To schedule an in-person viewing, click here
Melissa Brown utilizes a variety of techniques including screen printing, stencils, and spray paint on thin, flat television-like surfaces (aluminum or Dibond) to create paintings which nod to the influence of new media. Brown sees her painting Desktop as a mission control center, a window through which she can initiate remote control and also a portal through which she is remotely controlled. It is home to an evolving, chronological strata of bills, drawings, misplaced files, and unopened mail. It is the black mirror one faces on a daily basis. Venice Beach Psychic is a double take on smoke and mirrors. It is two perspectives on the same mystery, a glimmering insight discovered on an empty beach.

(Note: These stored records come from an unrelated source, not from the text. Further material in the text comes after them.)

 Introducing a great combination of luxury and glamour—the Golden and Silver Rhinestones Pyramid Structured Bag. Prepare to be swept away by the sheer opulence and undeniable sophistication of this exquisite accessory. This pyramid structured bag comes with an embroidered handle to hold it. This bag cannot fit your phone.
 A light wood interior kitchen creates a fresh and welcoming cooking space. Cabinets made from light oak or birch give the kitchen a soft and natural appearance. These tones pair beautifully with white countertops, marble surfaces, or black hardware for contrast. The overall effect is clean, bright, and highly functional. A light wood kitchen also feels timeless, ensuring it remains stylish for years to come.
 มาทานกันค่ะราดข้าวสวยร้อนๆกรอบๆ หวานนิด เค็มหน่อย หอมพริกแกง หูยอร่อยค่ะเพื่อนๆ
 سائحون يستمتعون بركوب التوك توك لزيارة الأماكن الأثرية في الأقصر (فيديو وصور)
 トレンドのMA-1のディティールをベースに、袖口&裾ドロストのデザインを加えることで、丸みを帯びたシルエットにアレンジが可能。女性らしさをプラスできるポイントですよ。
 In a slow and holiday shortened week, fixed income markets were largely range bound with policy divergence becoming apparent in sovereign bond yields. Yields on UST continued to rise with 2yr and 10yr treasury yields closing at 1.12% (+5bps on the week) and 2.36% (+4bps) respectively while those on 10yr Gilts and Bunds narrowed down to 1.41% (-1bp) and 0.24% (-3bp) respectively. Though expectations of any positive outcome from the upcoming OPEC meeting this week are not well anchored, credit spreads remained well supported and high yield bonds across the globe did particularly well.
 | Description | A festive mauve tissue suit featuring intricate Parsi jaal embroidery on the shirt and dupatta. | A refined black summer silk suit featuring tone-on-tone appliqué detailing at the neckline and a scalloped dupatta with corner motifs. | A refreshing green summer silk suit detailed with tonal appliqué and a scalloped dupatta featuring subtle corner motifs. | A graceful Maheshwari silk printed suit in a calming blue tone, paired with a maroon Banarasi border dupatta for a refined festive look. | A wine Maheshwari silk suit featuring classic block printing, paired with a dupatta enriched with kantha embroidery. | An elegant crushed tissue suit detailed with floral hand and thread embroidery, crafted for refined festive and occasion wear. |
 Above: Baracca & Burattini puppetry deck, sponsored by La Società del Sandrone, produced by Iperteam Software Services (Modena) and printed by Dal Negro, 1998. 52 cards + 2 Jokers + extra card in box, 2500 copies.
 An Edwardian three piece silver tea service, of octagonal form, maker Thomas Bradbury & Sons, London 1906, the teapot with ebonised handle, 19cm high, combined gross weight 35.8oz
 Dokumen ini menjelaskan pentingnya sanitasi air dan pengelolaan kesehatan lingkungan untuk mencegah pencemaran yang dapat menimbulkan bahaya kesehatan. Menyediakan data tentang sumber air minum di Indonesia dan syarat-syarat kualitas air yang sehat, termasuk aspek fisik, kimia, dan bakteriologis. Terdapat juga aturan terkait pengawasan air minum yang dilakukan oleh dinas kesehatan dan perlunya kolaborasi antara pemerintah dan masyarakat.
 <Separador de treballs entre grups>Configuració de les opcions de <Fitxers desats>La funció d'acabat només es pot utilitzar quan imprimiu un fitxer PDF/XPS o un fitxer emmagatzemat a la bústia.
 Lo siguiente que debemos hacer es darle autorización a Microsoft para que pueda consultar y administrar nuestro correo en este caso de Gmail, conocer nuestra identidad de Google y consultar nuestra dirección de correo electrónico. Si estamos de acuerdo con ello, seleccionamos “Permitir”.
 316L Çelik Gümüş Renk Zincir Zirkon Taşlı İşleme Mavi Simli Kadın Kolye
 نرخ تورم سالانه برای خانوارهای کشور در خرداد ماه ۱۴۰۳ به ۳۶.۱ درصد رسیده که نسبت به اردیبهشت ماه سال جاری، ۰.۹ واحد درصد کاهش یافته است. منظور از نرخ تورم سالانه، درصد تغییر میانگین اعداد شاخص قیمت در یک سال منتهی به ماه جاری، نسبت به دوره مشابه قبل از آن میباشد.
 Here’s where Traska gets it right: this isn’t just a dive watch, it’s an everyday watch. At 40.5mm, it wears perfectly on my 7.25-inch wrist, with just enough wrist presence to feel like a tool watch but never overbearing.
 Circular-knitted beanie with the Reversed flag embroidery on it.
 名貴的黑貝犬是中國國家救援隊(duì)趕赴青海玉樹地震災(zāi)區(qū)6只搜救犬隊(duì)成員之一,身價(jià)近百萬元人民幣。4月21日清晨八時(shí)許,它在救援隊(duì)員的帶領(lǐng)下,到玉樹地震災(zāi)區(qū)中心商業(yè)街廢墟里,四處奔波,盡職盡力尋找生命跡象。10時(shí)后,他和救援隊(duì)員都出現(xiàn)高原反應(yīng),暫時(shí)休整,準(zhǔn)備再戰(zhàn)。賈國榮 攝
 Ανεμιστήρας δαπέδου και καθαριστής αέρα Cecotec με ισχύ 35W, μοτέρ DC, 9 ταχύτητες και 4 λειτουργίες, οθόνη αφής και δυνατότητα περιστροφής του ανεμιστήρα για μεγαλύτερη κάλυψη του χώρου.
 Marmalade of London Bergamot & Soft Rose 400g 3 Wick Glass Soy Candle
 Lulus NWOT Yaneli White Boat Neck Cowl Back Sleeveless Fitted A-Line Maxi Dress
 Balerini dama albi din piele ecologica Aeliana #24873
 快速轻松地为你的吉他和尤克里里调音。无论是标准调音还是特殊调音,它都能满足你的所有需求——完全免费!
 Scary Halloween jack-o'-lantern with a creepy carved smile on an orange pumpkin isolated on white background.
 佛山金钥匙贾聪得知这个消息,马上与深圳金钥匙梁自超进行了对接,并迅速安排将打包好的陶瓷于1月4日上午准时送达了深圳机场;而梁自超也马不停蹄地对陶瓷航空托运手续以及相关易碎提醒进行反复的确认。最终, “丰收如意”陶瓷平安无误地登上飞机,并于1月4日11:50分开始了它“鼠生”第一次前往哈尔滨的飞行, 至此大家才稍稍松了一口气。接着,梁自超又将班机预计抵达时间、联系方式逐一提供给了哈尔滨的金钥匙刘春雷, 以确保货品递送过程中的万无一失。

Melissa Brown (b.1974) has had recent solo and two person projects at Dodd Gallery, University of Georgia in Athens, the Journal Gallery, Brooklyn, Magenta Planes, and CANADA, New York City. Internationally she has mounted solo exhibitions at Kenny Schacter, ROVE in London and Roberto Paradise in Puerto Rico. She was awarded the Joan Mitchell Grant for painting in 2012 and a residency at the Joan Mitchell Center in 2019. Brown is an associate professor in art at Lehman College, City University of New York.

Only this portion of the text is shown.